How long should a cat converter last on a UK car?
Most catalytic converters last between 70,000 and 100,000 miles, and on a well-maintained car they often last the lifetime of the vehicle. Short journeys, oil leaks and engine misfires shorten that lifespan significantly.
Can I drive with a faulty cat converter?
Technically yes, legally no. If emissions exceed UK limits you can be fined up to £1,000, your MOT will fail, and your insurance may be invalidated. Get it to a garage on a recovery truck if it's badly damaged or stolen.

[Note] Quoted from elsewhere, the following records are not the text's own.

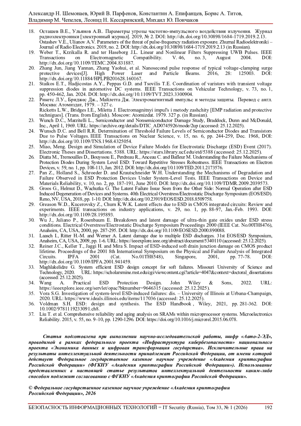 35. Vora S.G. Investigation of system-level ESD-induced failures: dis. - University of Illinois at Urbana-Champaign, 2020. URL: https://www.ideals.illinois.edu/items/117036 (accessed: 25.12.2025).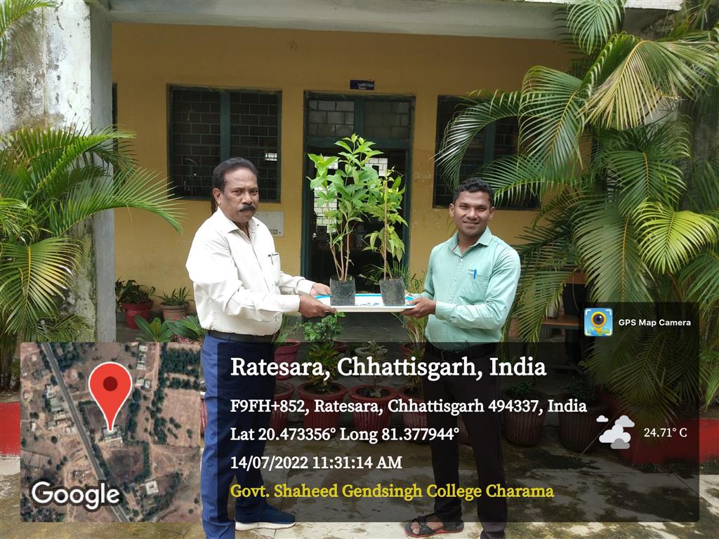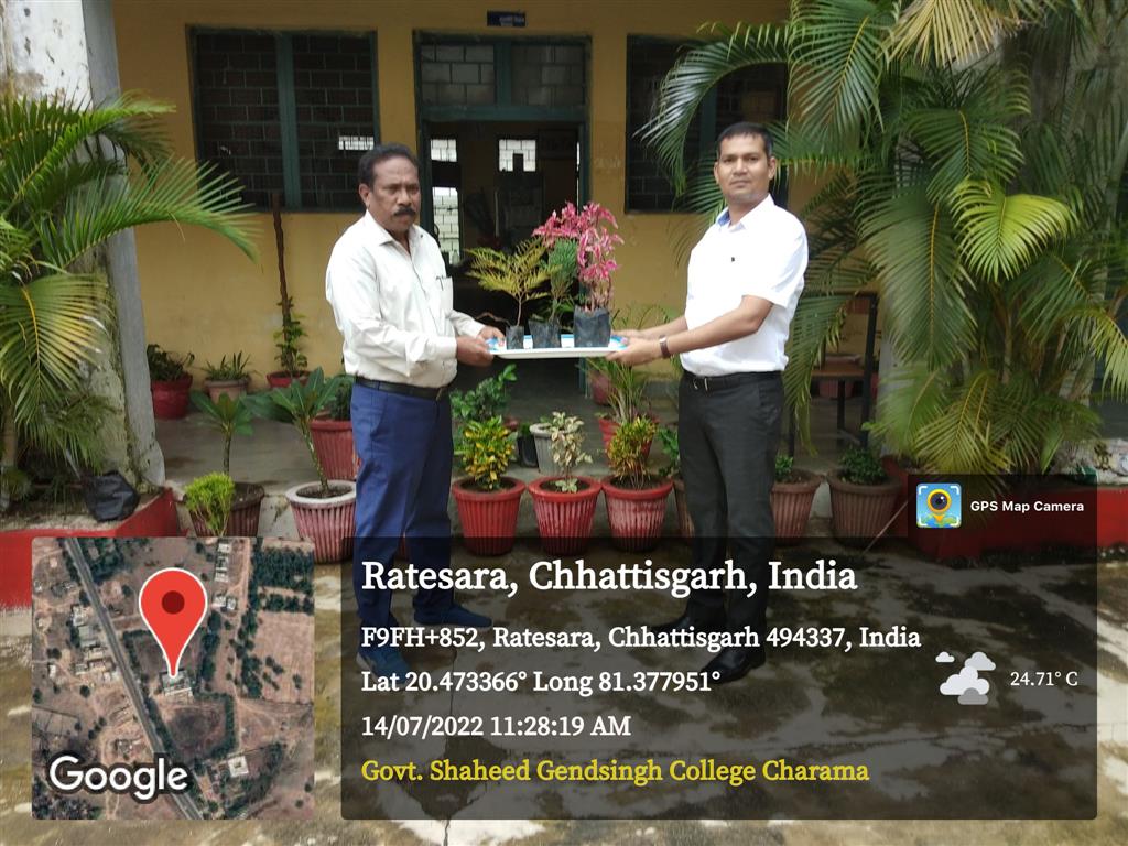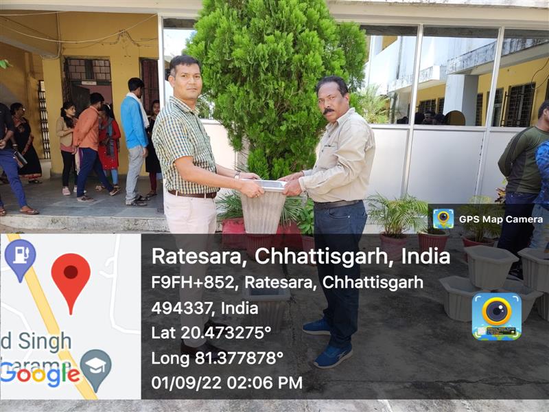 दिनांक : 01-09-2022 को भारतीय राष्ट्रीय छात्र संगठन, चारामा (एनएसयूआई) द्वारा प्राचार्य डॉ. के. के. मरकाम को महाविद्यालय के गार्डन हेतु 05 नग सीमेंट का गमला भेंट किया गया.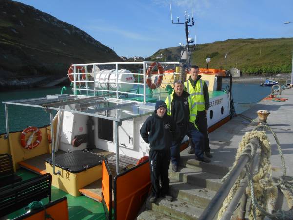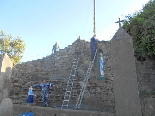 Dún Aengus going to SchullToday is the first day of the Schull run and we show a photo of Skipper Tadhg Ó Drisceoil accompanied by crew members Eoin Ó Drisceoil and Mairtín Ó Mealóid before they set off this morning. Customers will note the welcome addition of a perspex shelter extending back from the saloon, This compliments the addition of some decking in this area which raises the floor level to avoid some of of the wash that sometimes occurs. On another note we see abundant signs of preparations for the Presidential visit next week and show a photo taken yesterday showing Fachtna and Patsi Ó Drisceoil accompanying the ever diligent Seán Ó Ceadagáin in a clean up of the Grotto. Ní  neart go cur le ceile.St Ciaran's Shrine, Cape Clear Island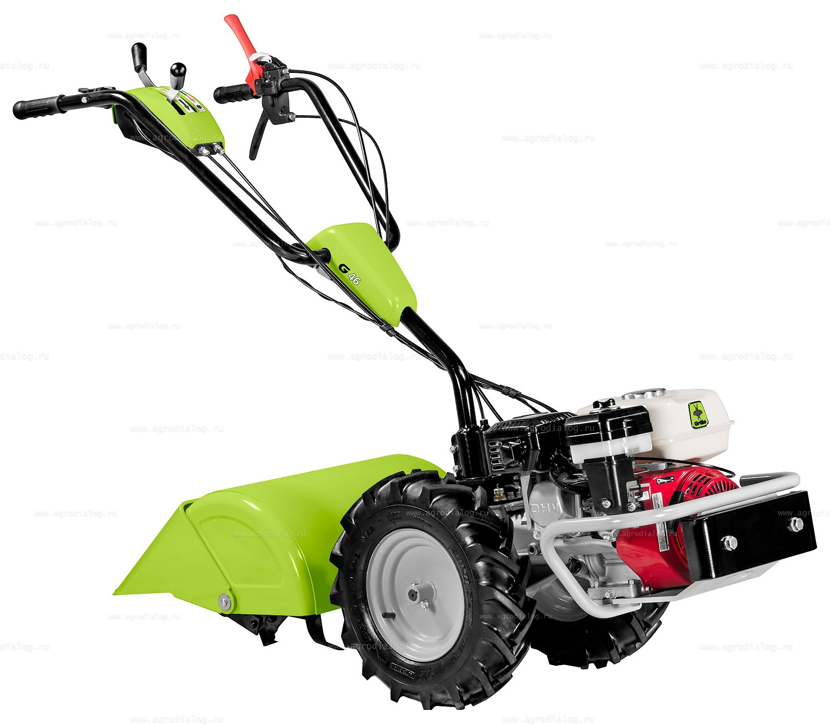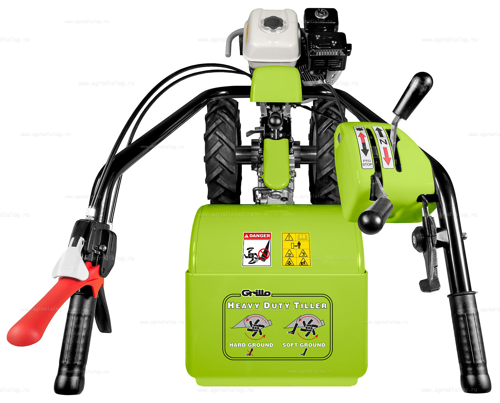 Мотоблок Grillo G 46 с фрезой с обратным вращением, особенно рекомендуется для твёрдой и труднообрабатываемой почвы, где классическая схема традиционного культиватора применяется с трудом. Мотыги вращаются в обратном направлении от ведущих колёс, обеспечивая сцепление с грунтом и позволяя увеличить агрессивность фрезерования. Имеет малые габариты, повышенную маневренность, низкий уровень вибрации и шума. В процессе его производства используются только высококачественные материалы и комплектующие, что делает данный мотоблок надежным, функциональным, практичным и безопасным. Мотоблок Grillo G 46 оборудован надежным двигателем Honda GX200 OHV. Направляющие ручки можно регулировать во всех направлениях: по высоте в соответствии с ростом оператора и по горизонтали для того, чтобы оператор мог двигаться в стороне от обрабатываемого участка и не вытаптывать вспаханную землю. Все компоненты, от самых простых до самых сложных - все изготавливается компанией Grillo в Италии с использованием лучших материалов и самых современных технологий, что позволяет постоянно добиваться высокого качества под 100% контролем. Мотоблоки компании Grillo окрашиваются двойным слоем электростатической порошковой краски. Сначала выполняются промывочная и подготовительная ванна, затем поверхность грунтуют и проводят термическую обработку, это лучшая основа для нанесения окрасочных слоёв. После второго слоя краски проводится дополнительная термическая обработка при температуре 190°С, которая обеспечивает твёрдость и блеск. При завершающих приёмочных испытаниях мотоблок Grillo G 46 проверяется с включенным двигателем. Это ещё одна и заключительная гарантия высокого качества продукции.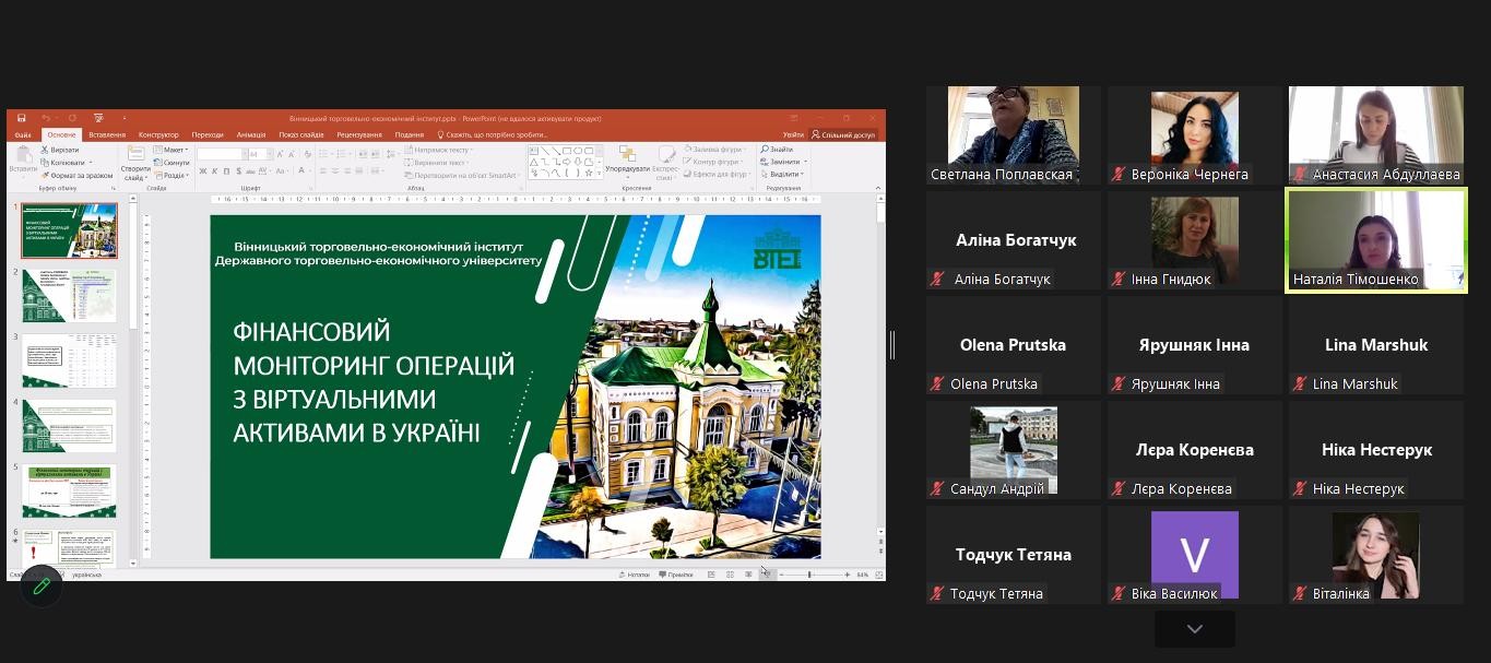 23 листопада 2023 року кафедрою фінансів ВТЕІ з використанням засобів онлайн-платформи Zoom проведено Всеукраїнський круглий стіл "Фінансова політика держави в умовах воєнного стану".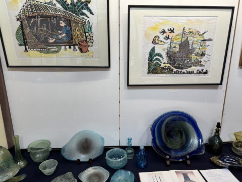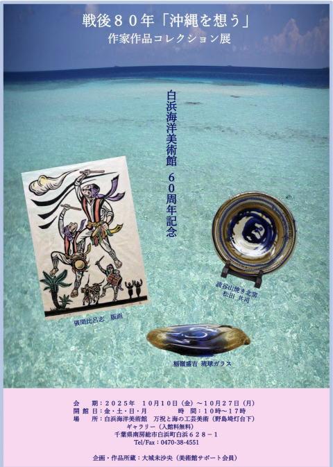 |  先の大戦で、沖縄は多くの県民の命と美しい自然や貴重な文化財を失いました。 生かされた人々は「泣いている暇はない!」と市場を切り開き、 三線を奏で、歌い踊り、手を取り合って、沢山の命をつないできました。 版画家は平和を希求し、作品にその心を彫りました。陶工たちは焼き窯の炎に魂を込め、 ガラス職人は宙吹きガラスに命を吹き込んで、伝統工芸品の復興に尽力しました。 戦後80年、「命(ぬち)どぅ宝(命こそ宝)」の精神で生み出された数々の作品が、 沖縄の青い海を渡り、房州白浜の蒼い海を眼前に現れます。 海のあおさは違えども、平和を願う心はみな同じだと信じています。 美術的に価値の高い、たくましい漁師たちの彩り豊かな万祝をはじめ、海の工芸品が展示される、 千葉県最古の美術館「白浜海洋美術館」開館60周年を記念して。 大城 未沙央  |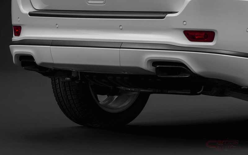エクステリアでは、力強いパワーバルジが印象的な「SRT8」譲りのエンジンフードに加え、フロントフェイシアに3分割式のロワ・エアインテークやグラナイトクリスタルアクセントを持つ、「サミット」と共通のボディ同色フロントバンパーを装備しているほか、グラナイトクリスタルのアクセントカラーを施したブラックグリルや20インチアルミホイール、エクステリアバッジ、ボディ同色処理を施したドアハンドルやサイドシルエクステンション、グロスブラックのドアミラーカバーなど、細部にまで貫かれた特別なカラーコーディネイトが施されている。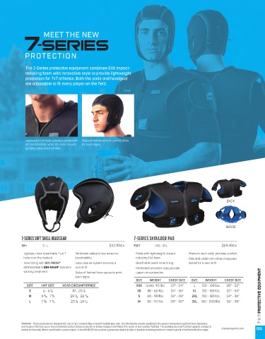 M 6 / 8 - 7 / 4 20 / 8 - 22 / 4 S 60 - 90 lbs. 26" - 28" 2XL 150 - 180 lbs. 34" - 36" 7-V-7 PROTECTIVE EQUIPMENT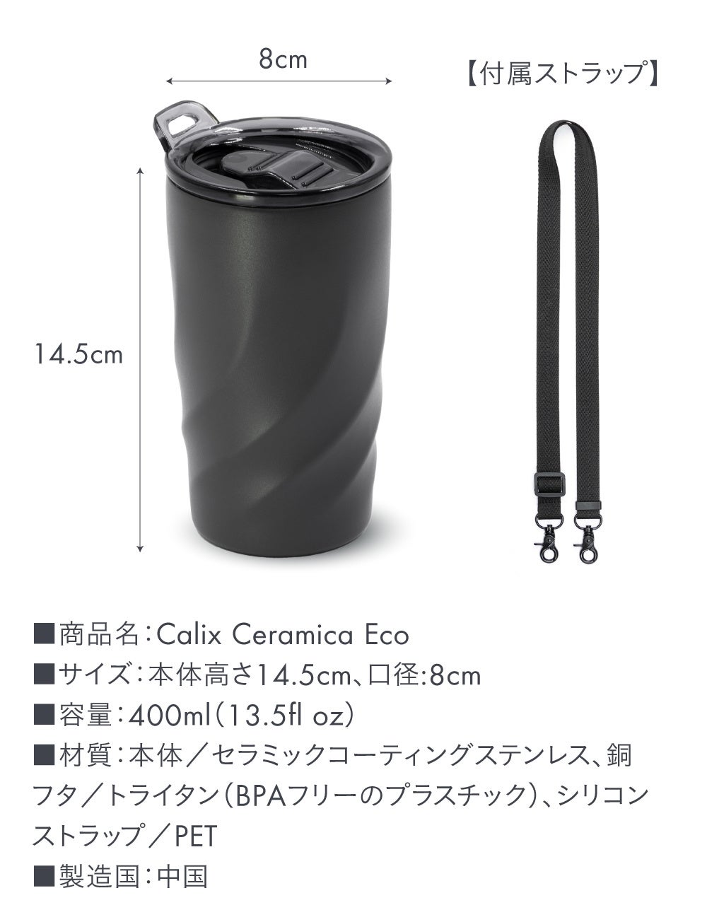 現在において仕事の小休憩やカフェでのリラックスタイム等、様々な場面で登場するタンブラー。「Calix Ceramica Eco」は、これまで主流であったステンレス製独特の金属臭や色うつりといったウィークポイントを解消した、新感覚のストラップ付き真空断熱タンブラーです。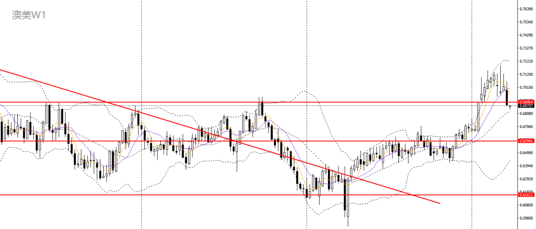 澳美上周收流星阴线,RSI跌至50左右,波段多头力量减弱。周五收十字星,徘徊于日线布林下轨附近,4小时触及0.6830-0.6840一带支撑企稳,空单可暂时离场,稳健者可保持观望。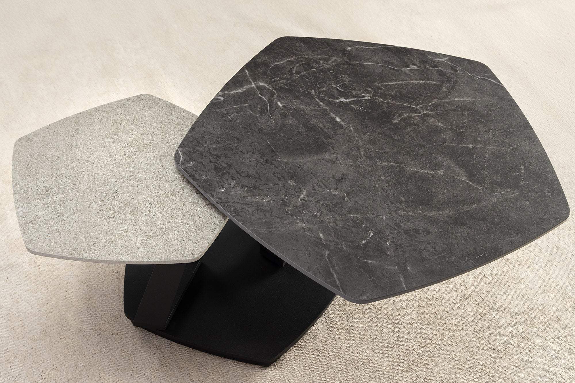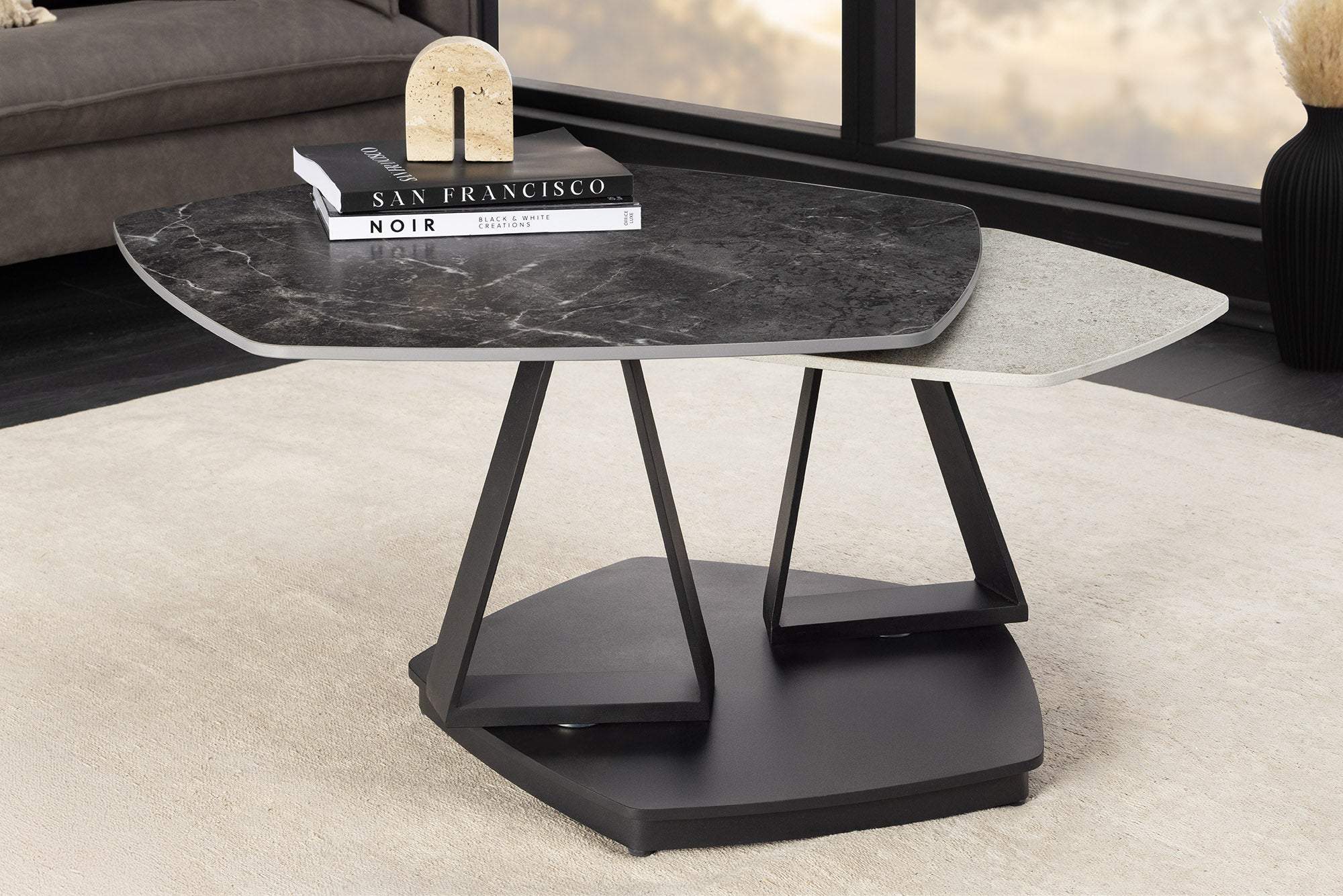 Búcsút inthetsz az unalmas asztaloknak, és üdvözölheted a MOVEMENT dohányzóasztalt, ahol a modern elegancia találkozik az okos funkcionalitással! Lenyűgöző szürke és antracit márványhatású kerámia tetejével ez az asztaldísz nemcsak szépen néz ki, de forgatható is, így méretét és alakját a hangulatodhoz, a vendégeidhez vagy a nappali elrendezéséhez igazíthatod.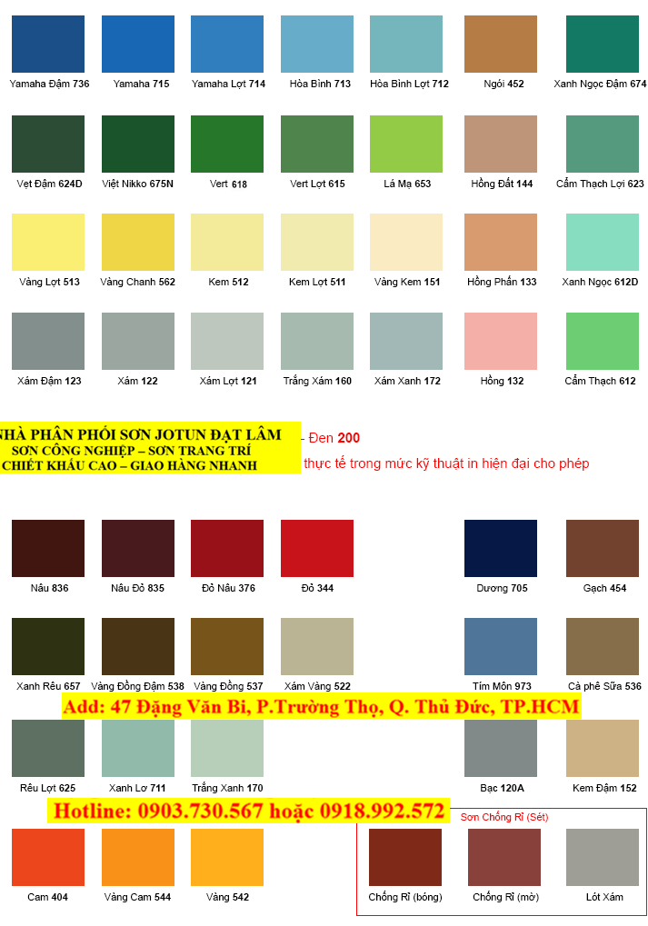 BẢNG MÀU SƠN CÔNG NGHIỆP JOTUN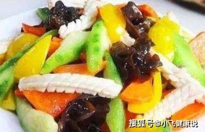 食材:木耳、魷魚、紅蘿卜、彩椒、姜、蒜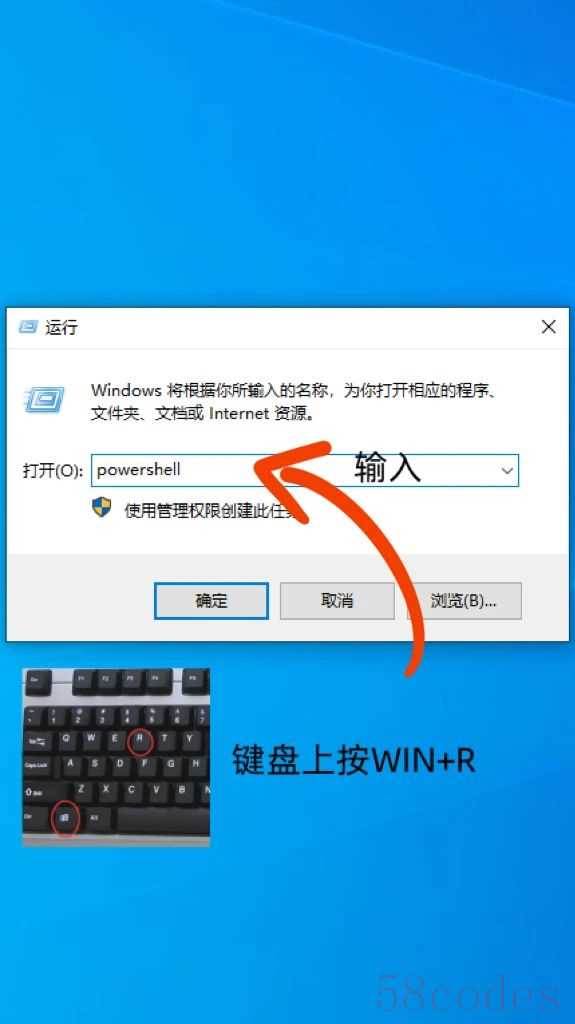 键盘上按win+R,输入powershell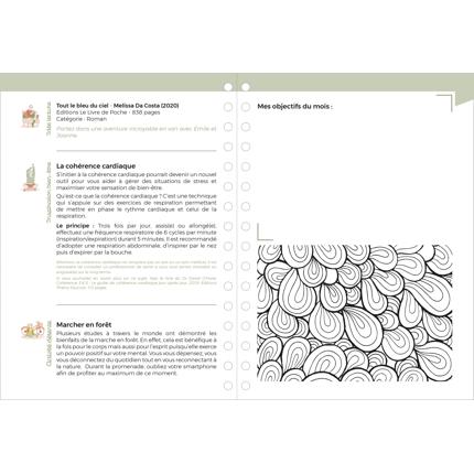 Agenda perpétuel semainier enrichi de pages pratiques (mots de passe, bucket-list, fruits et légumes de saison, budget) et de conseils (idées lectures, inspirations bien-être et activités détente)

Will my insurance cover catalytic converter theft?
Most comprehensive policies cover theft, but you'll pay the excess and may lose your no-claims bonus. Always report the theft to police first to get a crime reference number, then contact your insurer.
Is an aftermarket cat as good as an OEM one?
A type-approved aftermarket cat with an E-mark stamp will pass an MOT and meet UK emissions law, often at half the OEM price. Avoid cheap universal cats with no E-mark, they frequently fail emissions testing.
What's the average cost to replace a cat converter in the UK in 2026?
Expect £150 to £900 for most family cars, with an average around £310 including labour. Luxury cars, hybrids and diesels with integrated DPFs can push £1,000 to £2,000.
How can I tell if my cat has been stolen?
Start the engine. If it sounds like a tractor or a chainsaw, the cat is likely gone. Look underneath for a cut section of exhaust pipe. Do not drive the car, call your insurer and the police on 101.